Yes, definitely. It’s not just that branches act as a catalyst with other channels to foster positive relationship value; they are also key to the success of non-branch, digital sales.
In addition to creating in-person growth and sales opportunities, branches increase digital sales within their radius. They exert an aura that is responsible for what is commonly known as the digital halo. In other words, digital sales do much better when there are branches around.
Digital is seen as a convenient, less expensive alternative to branches. It actually turns out that digital sales are most likely to be successful when they are in orbit around the analog sun of the branch.
For example, our research has found that customers in the immediate vicinity of a branch will use it to open accounts. However, they are also more engaged with digital options, such as mobile banking. Similarly, people further away from the branch, but still within its orbit, gravitate towards digital sales options to a far greater degree than they would if the branch were not there.
Q: How can banks get the most value out of their branches as we emerge from the pandemic?

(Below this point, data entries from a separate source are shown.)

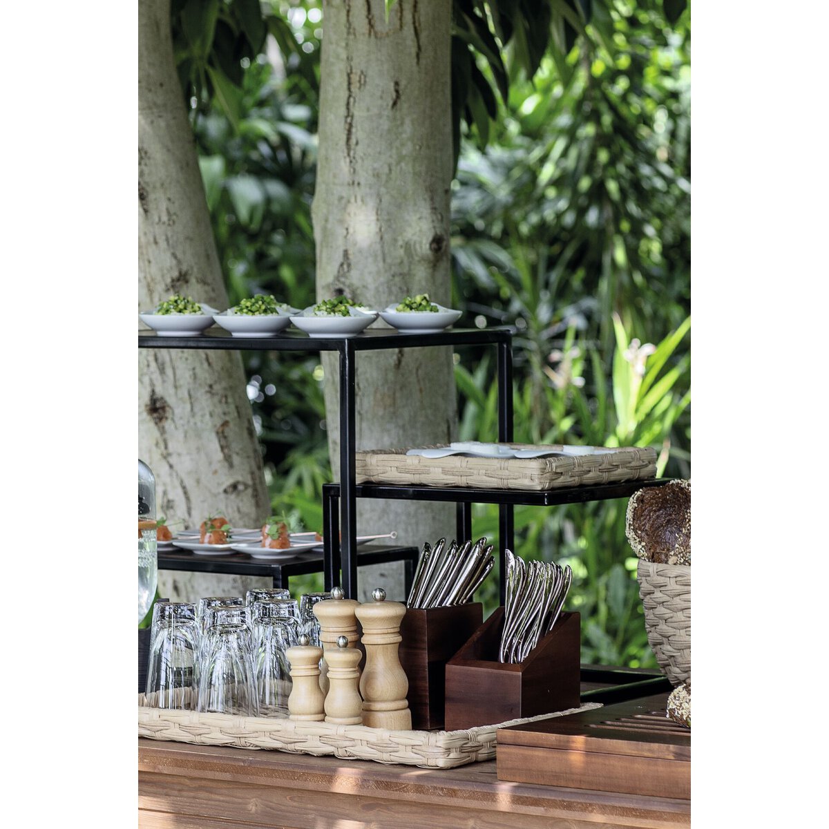 Akazienholz, braun. Abgeschrägt: Höhe vorne 8 cm, hinten 14 cm. Nicht spülmaschinengeeignet.
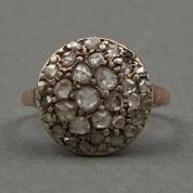 18kt gouden clusterring, de ronde zilveren zetting gezet met roosgeslepen diamanten, brutogewicht 3,88 gram, mt. 16
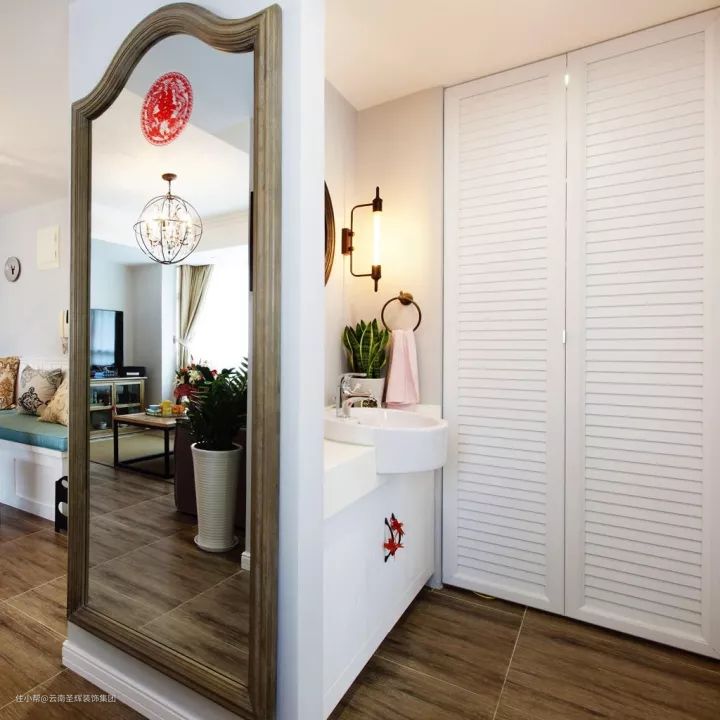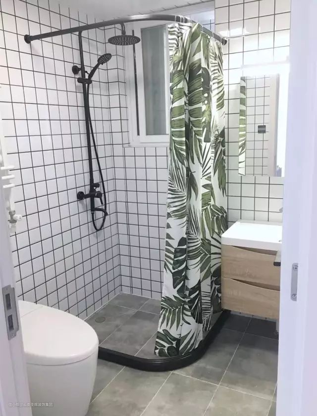 卫生间太小实在是容不下玻璃隔断,但是又讨厌卫生间没有一个明显的间隔,那么淋浴区浴帘就是不错的选择了。一定程度上,浴帘也可以做到干湿分离。
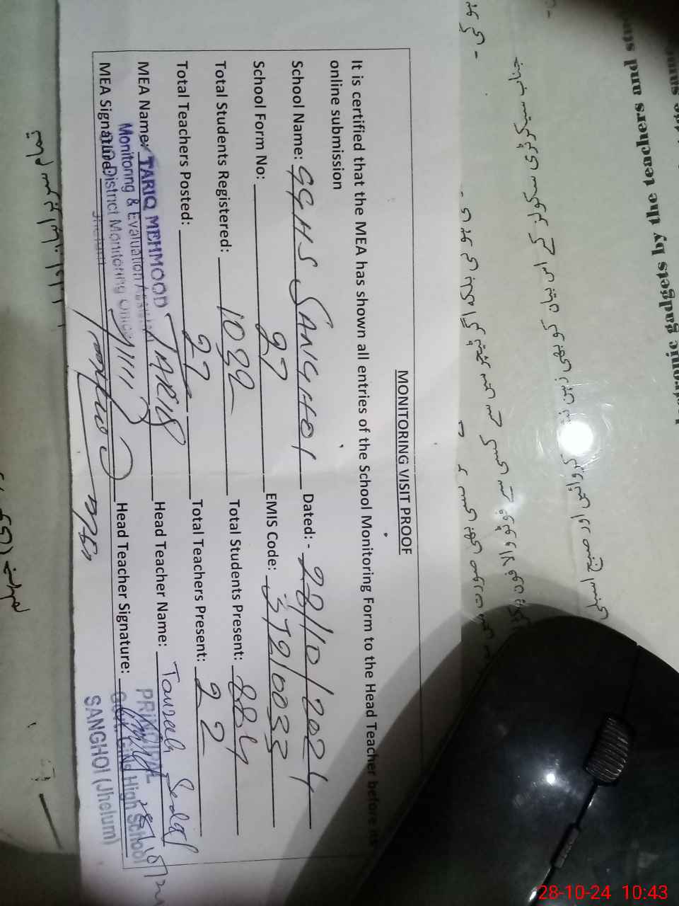 | Certified that this School was Inspected by the Undersigned MEA/DMO Today and the Information Stated Above is as Per Record. | |||||

The best way banks can use their branch network is to drive positive customer relationships. They can do this by helping to empower customers financially and address their financial planning needs to cope with the unexpected. Branches can play a critical role in this and that alone is a powerful argument for renewing branch strategy and ensuring their branch network is an integral part of their journey to recovery and growth.
Finally, let me leave you with some concrete steps for turning these ideas into reality.
On a longer term, we saw that the branch is part of a multichannel behavior profile that creates positive relationship value, and it also has an aura that engenders digital sales. Those should become key strategic goals.
On nearer term, banks can start asking themselves a few questions: do current metrics include the branch impact on positive customer actions? What competency gaps need to be bridged to enhance that impact? And are they currently able to measure the digital halo effect of the branch?
Then, over the next 30 days, they can start evaluating exactly how customers use branch and digital capabilities. They should work with line of business partners to ensure that branch performance measurement begins to account for the branch’s impact on relationship value.
Multichannel delivery is not new. All banks have a heritage strategy. But it’s critical to recast that strategy in the light of the particular power that branches bring in creating positive customer relationship value.